Task
If a record contains an image, leave the image out and repeat everything else exactly.

Material for the task
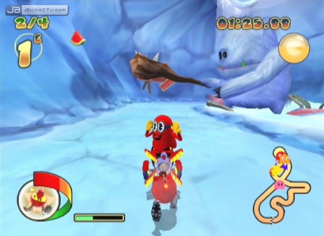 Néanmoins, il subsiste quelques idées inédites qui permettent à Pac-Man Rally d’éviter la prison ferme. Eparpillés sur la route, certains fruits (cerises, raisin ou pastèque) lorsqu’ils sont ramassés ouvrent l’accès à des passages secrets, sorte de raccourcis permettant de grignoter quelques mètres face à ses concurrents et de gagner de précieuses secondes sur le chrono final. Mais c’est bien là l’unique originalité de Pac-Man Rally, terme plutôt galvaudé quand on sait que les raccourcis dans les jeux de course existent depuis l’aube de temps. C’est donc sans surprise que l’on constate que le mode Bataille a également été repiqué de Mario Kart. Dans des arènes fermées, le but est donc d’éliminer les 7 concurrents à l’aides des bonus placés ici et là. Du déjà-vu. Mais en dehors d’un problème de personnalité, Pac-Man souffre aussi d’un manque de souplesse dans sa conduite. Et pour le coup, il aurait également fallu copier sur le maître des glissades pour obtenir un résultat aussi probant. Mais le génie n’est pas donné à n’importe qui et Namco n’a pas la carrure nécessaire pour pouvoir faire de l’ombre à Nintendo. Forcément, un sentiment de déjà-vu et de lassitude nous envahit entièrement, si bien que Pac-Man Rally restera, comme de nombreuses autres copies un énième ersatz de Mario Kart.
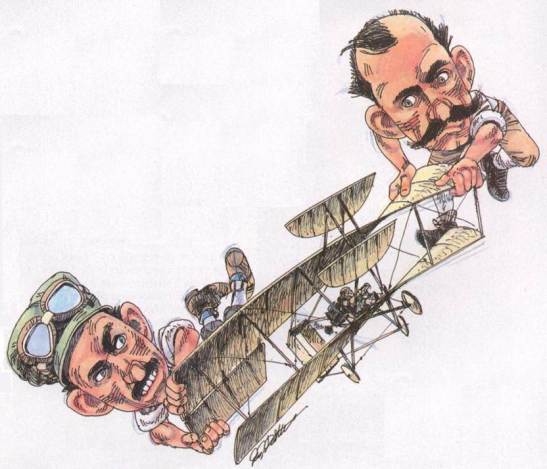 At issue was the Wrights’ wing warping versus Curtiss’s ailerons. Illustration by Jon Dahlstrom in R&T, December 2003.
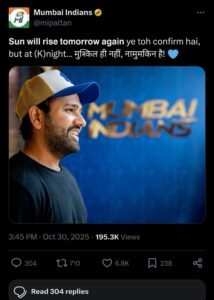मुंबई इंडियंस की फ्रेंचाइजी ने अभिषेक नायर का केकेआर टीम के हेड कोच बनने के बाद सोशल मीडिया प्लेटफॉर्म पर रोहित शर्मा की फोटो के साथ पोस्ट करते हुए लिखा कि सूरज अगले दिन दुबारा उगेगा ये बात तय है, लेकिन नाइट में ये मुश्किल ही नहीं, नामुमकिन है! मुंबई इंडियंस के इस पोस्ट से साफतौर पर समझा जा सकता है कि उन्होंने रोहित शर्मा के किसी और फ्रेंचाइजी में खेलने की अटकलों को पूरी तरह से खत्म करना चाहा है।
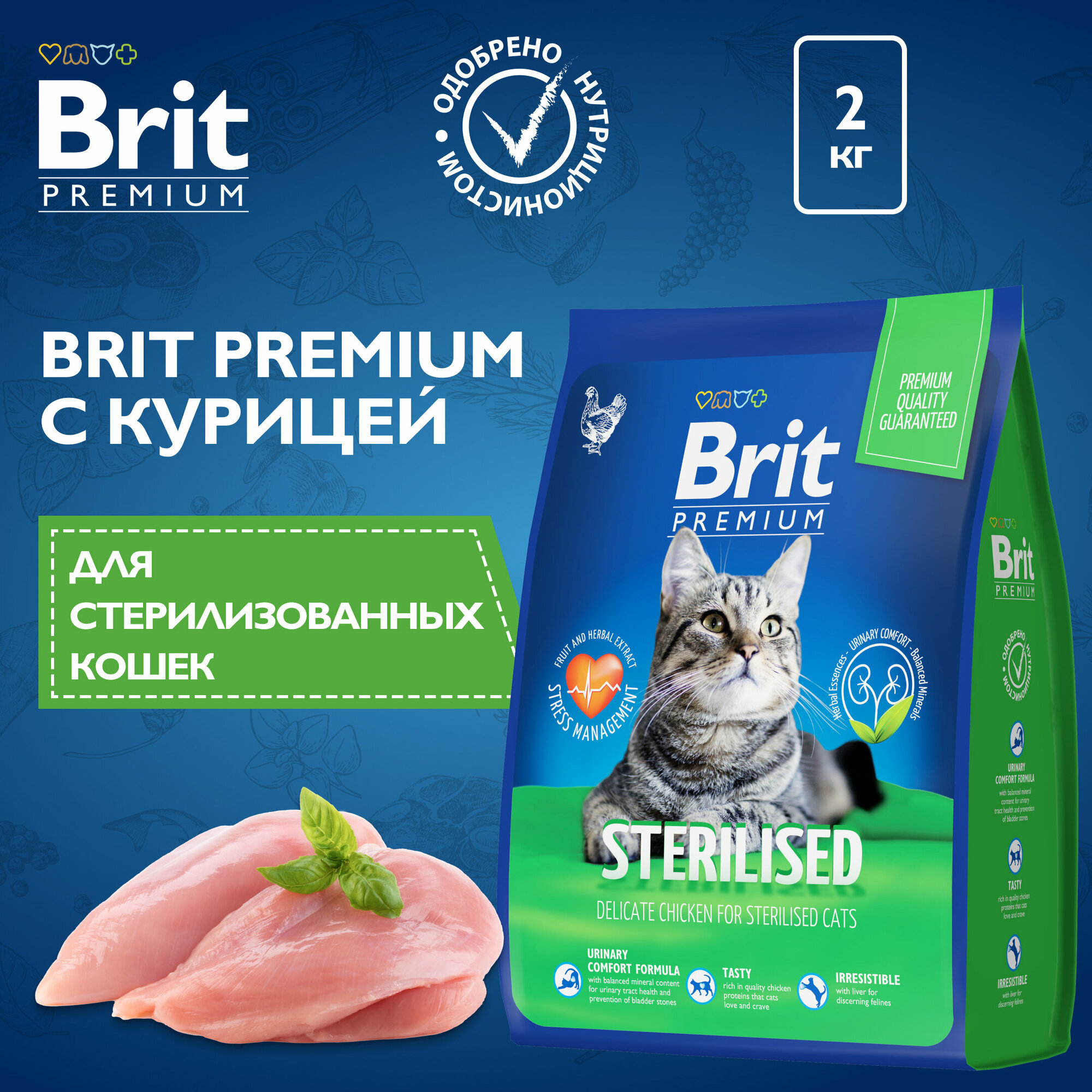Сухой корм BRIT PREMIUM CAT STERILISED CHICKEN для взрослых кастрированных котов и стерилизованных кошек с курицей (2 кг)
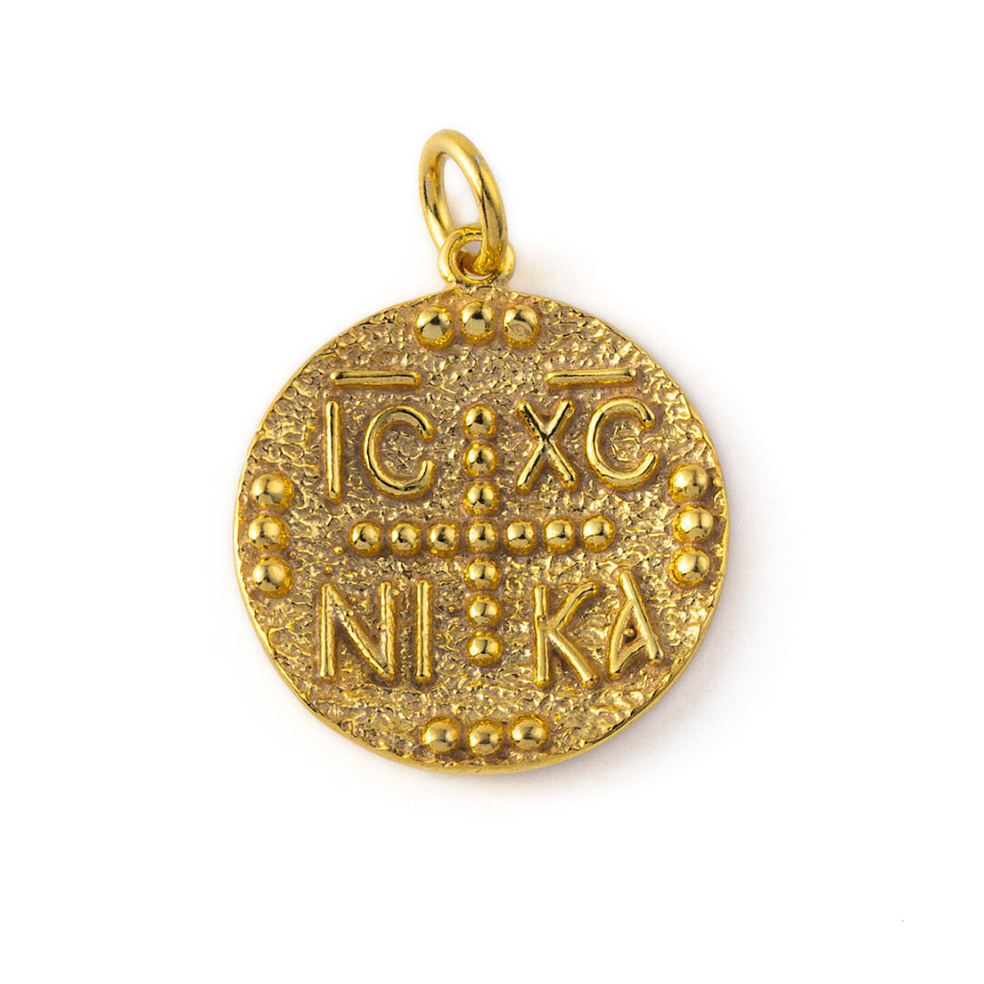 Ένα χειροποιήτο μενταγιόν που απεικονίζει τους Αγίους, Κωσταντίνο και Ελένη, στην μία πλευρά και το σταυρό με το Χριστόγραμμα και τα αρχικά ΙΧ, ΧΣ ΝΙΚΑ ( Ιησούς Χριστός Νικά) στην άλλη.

Response for this exercise
 Néanmoins, il subsiste quelques idées inédites qui permettent à Pac-Man Rally d’éviter la prison ferme. Eparpillés sur la route, certains fruits (cerises, raisin ou pastèque) lorsqu’ils sont ramassés ouvrent l’accès à des passages secrets, sorte de raccourcis permettant de grignoter quelques mètres face à ses concurrents et de gagner de précieuses secondes sur le chrono final. Mais c’est bien là l’unique originalité de Pac-Man Rally, terme plutôt galvaudé quand on sait que les raccourcis dans les jeux de course existent depuis l’aube de temps. C’est donc sans surprise que l’on constate que le mode Bataille a également été repiqué de Mario Kart. Dans des arènes fermées, le but est donc d’éliminer les 7 concurrents à l’aides des bonus placés ici et là. Du déjà-vu. Mais en dehors d’un problème de personnalité, Pac-Man souffre aussi d’un manque de souplesse dans sa conduite. Et pour le coup, il aurait également fallu copier sur le maître des glissades pour obtenir un résultat aussi probant. Mais le génie n’est pas donné à n’importe qui et Namco n’a pas la carrure nécessaire pour pouvoir faire de l’ombre à Nintendo. Forcément, un sentiment de déjà-vu et de lassitude nous envahit entièrement, si bien que Pac-Man Rally restera, comme de nombreuses autres copies un énième ersatz de Mario Kart.
 At issue was the Wrights’ wing warping versus Curtiss’s ailerons. Illustration by Jon Dahlstrom in R&T, December 2003.
मुंबई इंडियंस की फ्रेंचाइजी ने अभिषेक नायर का केकेआर टीम के हेड कोच बनने के बाद सोशल मीडिया प्लेटफॉर्म पर रोहित शर्मा की फोटो के साथ पोस्ट करते हुए लिखा कि सूरज अगले दिन दुबारा उगेगा ये बात तय है, लेकिन नाइट में ये मुश्किल ही नहीं, नामुमकिन है! मुंबई इंडियंस के इस पोस्ट से साफतौर पर समझा जा सकता है कि उन्होंने रोहित शर्मा के किसी और फ्रेंचाइजी में खेलने की अटकलों को पूरी तरह से खत्म करना चाहा है।
Сухой корм BRIT PREMIUM CAT STERILISED CHICKEN для взрослых кастрированных котов и стерилизованных кошек с курицей (2 кг)
 Ένα χειροποιήτο μενταγιόν που απεικονίζει τους Αγίους, Κωσταντίνο και Ελένη, στην μία πλευρά και το σταυρό με το Χριστόγραμμα και τα αρχικά ΙΧ, ΧΣ ΝΙΚΑ ( Ιησούς Χριστός Νικά) στην άλλη.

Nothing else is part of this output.